▸ What you should do: What you write must match, character for character, the lines from the one with "Balcony, Ceiling Fan(s), Granite" down to the one with "Borazjan | ||" in the listing below, minus its pictures.

▸ Exercise data:

● ● ● ●

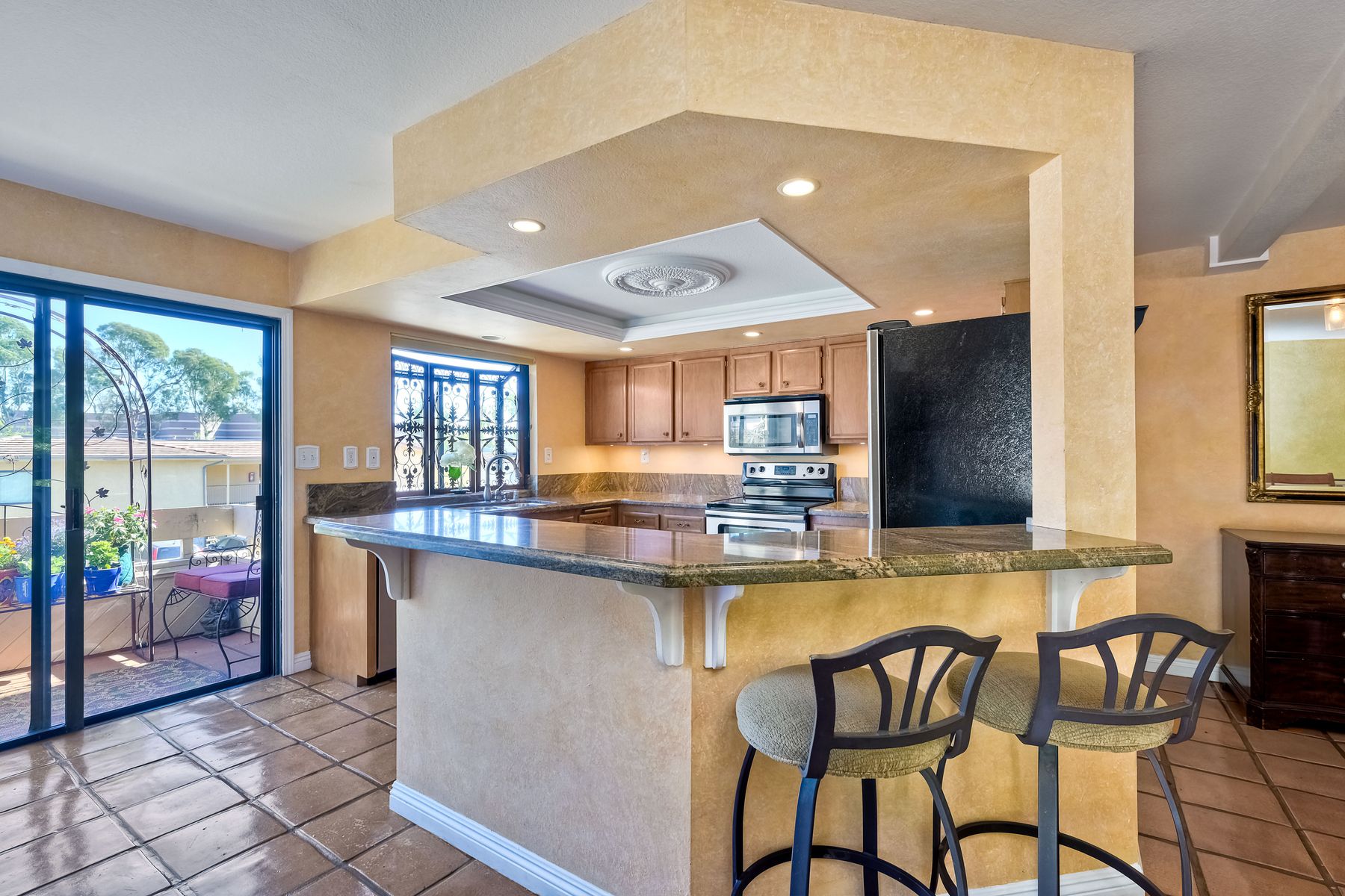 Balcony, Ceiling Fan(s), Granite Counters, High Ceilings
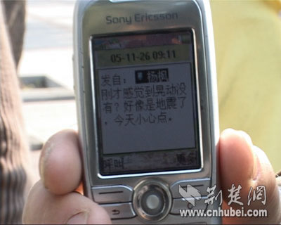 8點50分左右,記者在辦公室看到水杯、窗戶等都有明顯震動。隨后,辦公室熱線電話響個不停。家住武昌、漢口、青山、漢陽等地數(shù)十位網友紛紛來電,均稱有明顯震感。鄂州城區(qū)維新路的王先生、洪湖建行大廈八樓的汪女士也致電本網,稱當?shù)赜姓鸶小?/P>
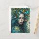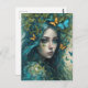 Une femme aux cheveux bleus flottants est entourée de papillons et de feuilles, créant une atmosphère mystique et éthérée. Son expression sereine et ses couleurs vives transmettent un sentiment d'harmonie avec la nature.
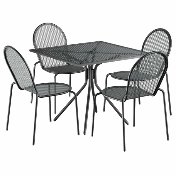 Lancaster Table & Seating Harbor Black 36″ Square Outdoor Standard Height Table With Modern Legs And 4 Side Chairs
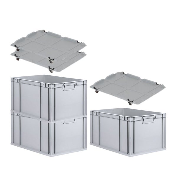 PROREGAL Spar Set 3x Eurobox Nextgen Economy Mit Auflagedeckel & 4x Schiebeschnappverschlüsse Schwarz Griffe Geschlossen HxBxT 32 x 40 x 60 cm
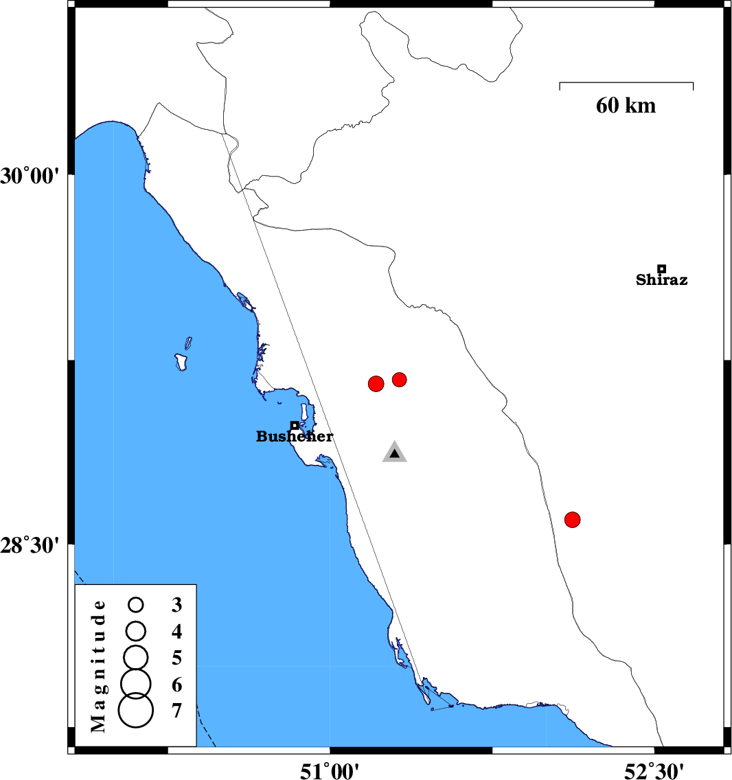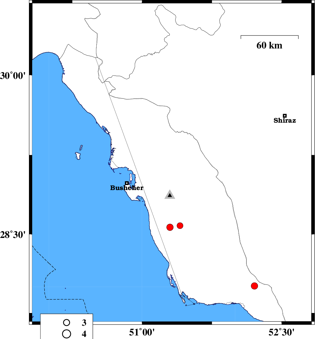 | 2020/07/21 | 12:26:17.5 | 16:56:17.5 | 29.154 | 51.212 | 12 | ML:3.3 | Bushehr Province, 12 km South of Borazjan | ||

● ● ● ●

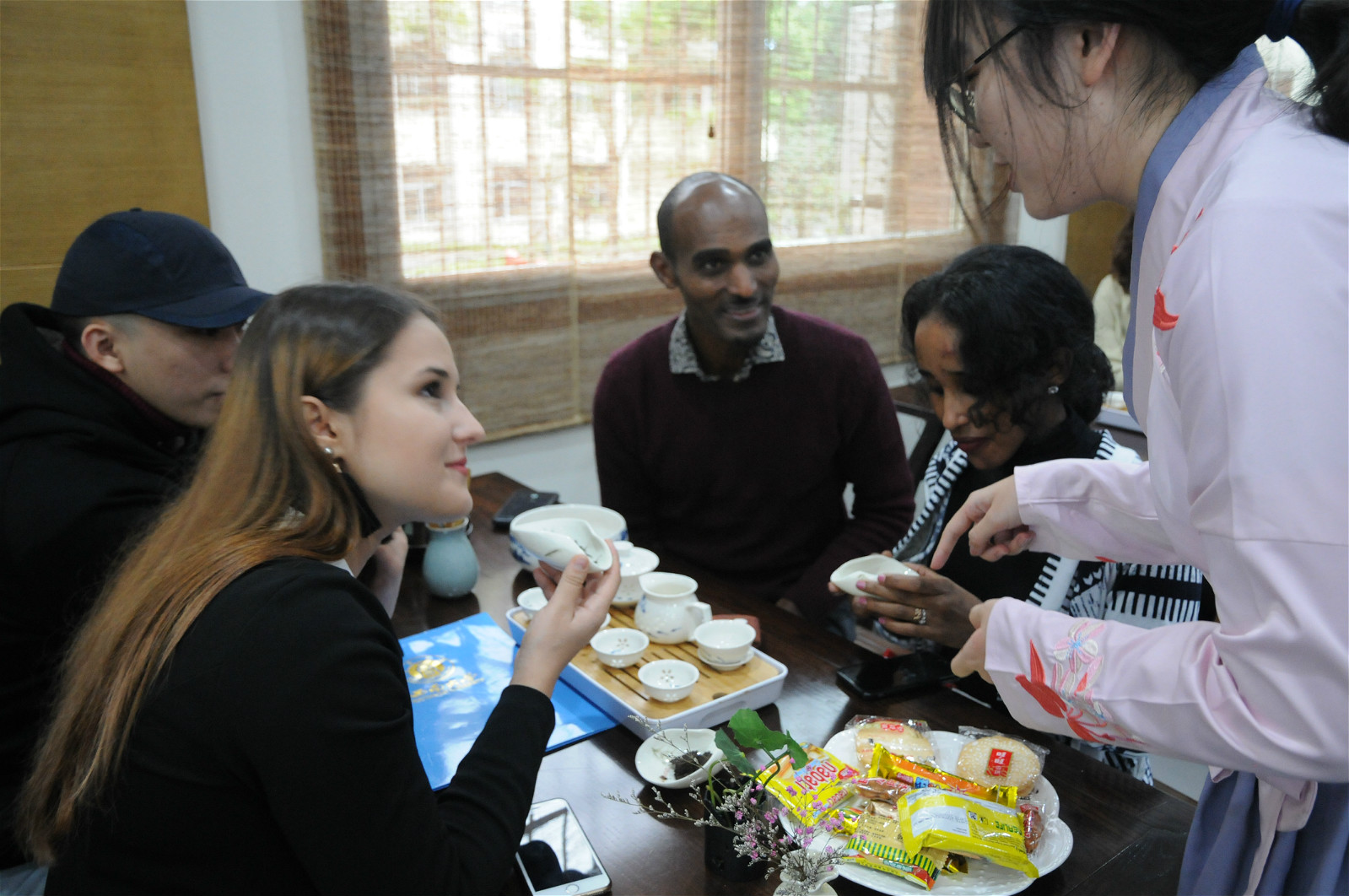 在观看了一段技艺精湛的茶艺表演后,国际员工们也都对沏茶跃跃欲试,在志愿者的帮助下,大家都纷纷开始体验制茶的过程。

● ● ● ●

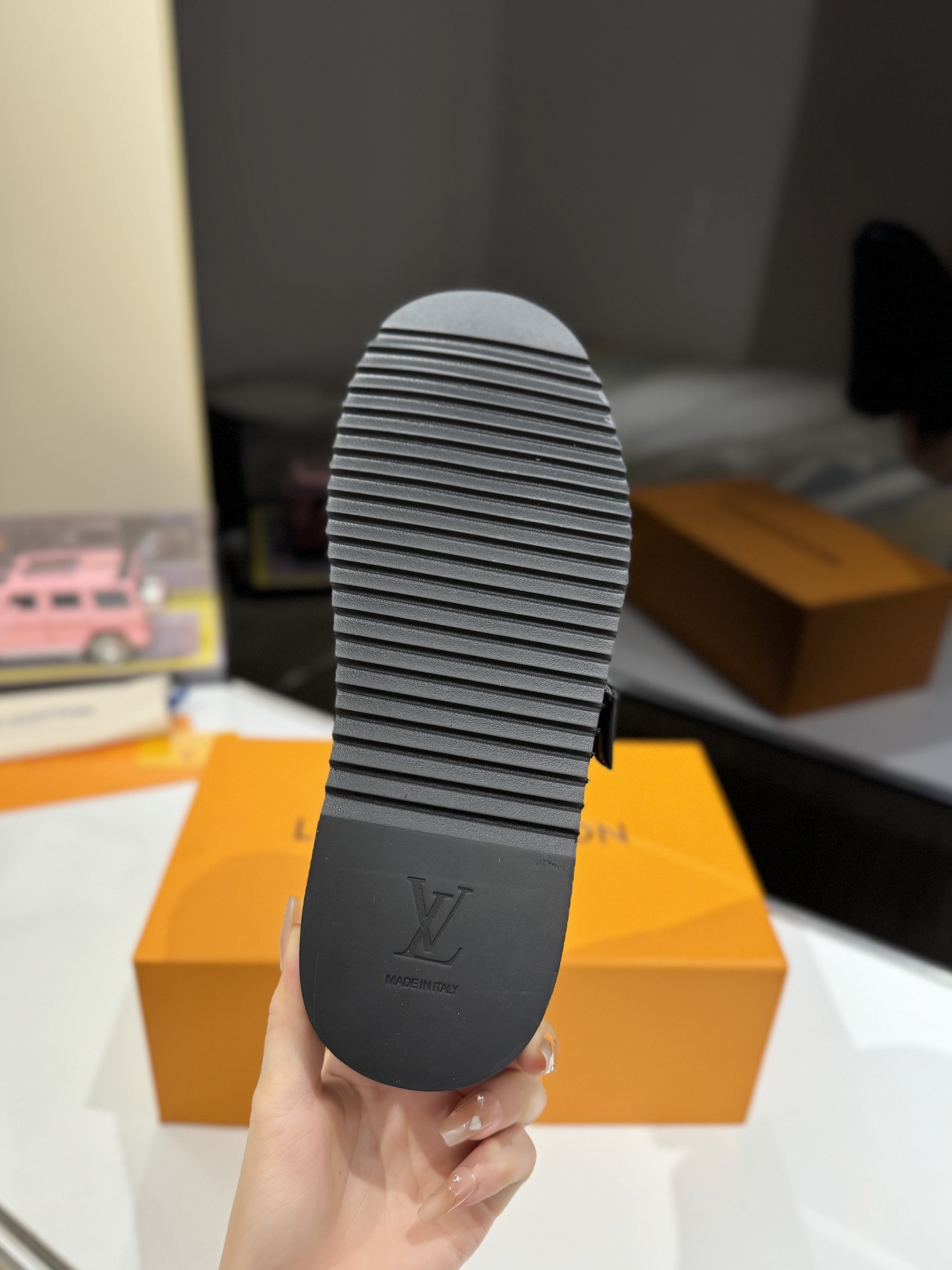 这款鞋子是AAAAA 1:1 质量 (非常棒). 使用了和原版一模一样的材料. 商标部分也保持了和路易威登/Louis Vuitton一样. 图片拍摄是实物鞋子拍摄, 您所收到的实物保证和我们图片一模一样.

● ● ● ●

▸ Answer box:
 Balcony, Ceiling Fan(s), Granite Counters, High Ceilings
 8點50分左右,記者在辦公室看到水杯、窗戶等都有明顯震動。隨后,辦公室熱線電話響個不停。家住武昌、漢口、青山、漢陽等地數(shù)十位網友紛紛來電,均稱有明顯震感。鄂州城區(qū)維新路的王先生、洪湖建行大廈八樓的汪女士也致電本網,稱當?shù)赜姓鸶小?/P>
 Une femme aux cheveux bleus flottants est entourée de papillons et de feuilles, créant une atmosphère mystique et éthérée. Son expression sereine et ses couleurs vives transmettent un sentiment d'harmonie avec la nature.
 Lancaster Table & Seating Harbor Black 36″ Square Outdoor Standard Height Table With Modern Legs And 4 Side Chairs
 PROREGAL Spar Set 3x Eurobox Nextgen Economy Mit Auflagedeckel & 4x Schiebeschnappverschlüsse Schwarz Griffe Geschlossen HxBxT 32 x 40 x 60 cm
 | 2020/07/21 | 12:26:17.5 | 16:56:17.5 | 29.154 | 51.212 | 12 | ML:3.3 | Bushehr Province, 12 km South of Borazjan | ||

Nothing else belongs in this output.